Suppose that we apply the sine function to a certain angle \(\theta \), and obtain the output as \(y\). We can write

\[y = \sin \theta \]

This equation expresses \(y\) in terms of \(\theta \). Can we invert this relation to writing \(\theta \) in terms of \(y\)?

Let us consider an analogous algebraic example. Consider the equation

\[y = 3x + 2\]

This equation expresses \(y\) as a function of \(x\). It is easy to invert this and express \(x\) as a function of \(y\):

\[\begin{align}3x &= y - 2\\ \Rightarrow x &= \frac{{y - 2}}{3} \end{align}\]

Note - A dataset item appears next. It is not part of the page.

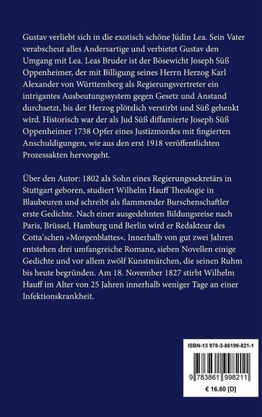 1802 als Sohn eines Regierungssekretärs in Stuttgart geboren, studiert Wilhelm Hauff Theologie in Blaubeuren und schreibt als flammender Burschenschaftler erste Gedichte. Nach einer ausgedehnten Bildungsreise nach Paris, Brüssel, Hamburg und Berlin wird er Redakteur des Cotta'schen "Morgenblattes". Innerhalb von gut zwei Jahren entstehen drei umfangreiche Romane, sieben Novellen einige Gedichte und vor allem zwölf Kunstmärchen, die seinen Ruhm bis heute begründen. Am 18. November 1827 stirbt Wilhelm Hauff im Alter von 25 Jahren innerhalb weniger Tage an einer Infektionskrankheit.

enlightenedThink: Can we do something similar when we have trigonometric ratios?


Inverse Trigonometry:

The answer to enlightened is yes – we have the notations of inverse trigonometry to help us. For example, we can invert the relation by writing

\[\theta  = {\sin ^{ - 1}}y\]

Note: Do not confuse \({\sin ^{ - 1}}y\) with \(\frac{1}{{\sin y}}\). The latter is the reciprocal of \(\sin y\). The former is completely different: the term  \({\sin ^{ - 1}}y\)  is to be interpreted as an angle value whose sine will be \(y\).

The following table lists some examples of the \({\sin ^{ - 1}}\) operation:

     \(\sin 0 = 0\)

\({\sin ^{ - 1}}0 = 0\)

  \(\sin \frac{\pi }{6} = \frac{1}{2}\)

\({\sin ^{ - 1}}\left( {\frac{1}{2}} \right) = \frac{\pi }{6}\)

  \(\sin \frac{\pi }{4} = \frac{1}{{\sqrt 2 }}\)

\({\sin ^{ - 1}}\left( {\frac{1}{{\sqrt 2 }}} \right) = \frac{\pi }{4}\)

\(\sin \frac{\pi }{3} = \frac{{\sqrt 3 }}{2}\)

\({\sin ^{ - 1}}\left( {\frac{{\sqrt 3 }}{2}} \right) = \frac{\pi }{3}\)

\(\sin \frac{\pi }{2} = 1\)

\({\sin ^{ - 1}}1 = \frac{\pi }{2}\)

Here are some examples of the \({\cos ^{ - 1}}\) operation:

\(\cos 0 = 1\)

\({\cos ^{ - 1}}1 = 0\)

\(cos\frac{\pi }{6} = \frac{{\sqrt 3 }}{2}\)

\(co{s^{ - 1}}\left( {\frac{{\sqrt 3 }}{2}} \right) = \frac{\pi }{6}\)

\(\cos \frac{\pi }{4} = \frac{1}{{\sqrt 2 }}\)

\(co{s^{ - 1}}\left( {\frac{1}{{\sqrt 2 }}} \right) = \frac{\pi }{4}\)

\(\cos \frac{\pi }{3} = \frac{1}{2}\)

\({\cos ^{ - 1}}\left( {\frac{1}{2}} \right) = \frac{\pi }{3}\)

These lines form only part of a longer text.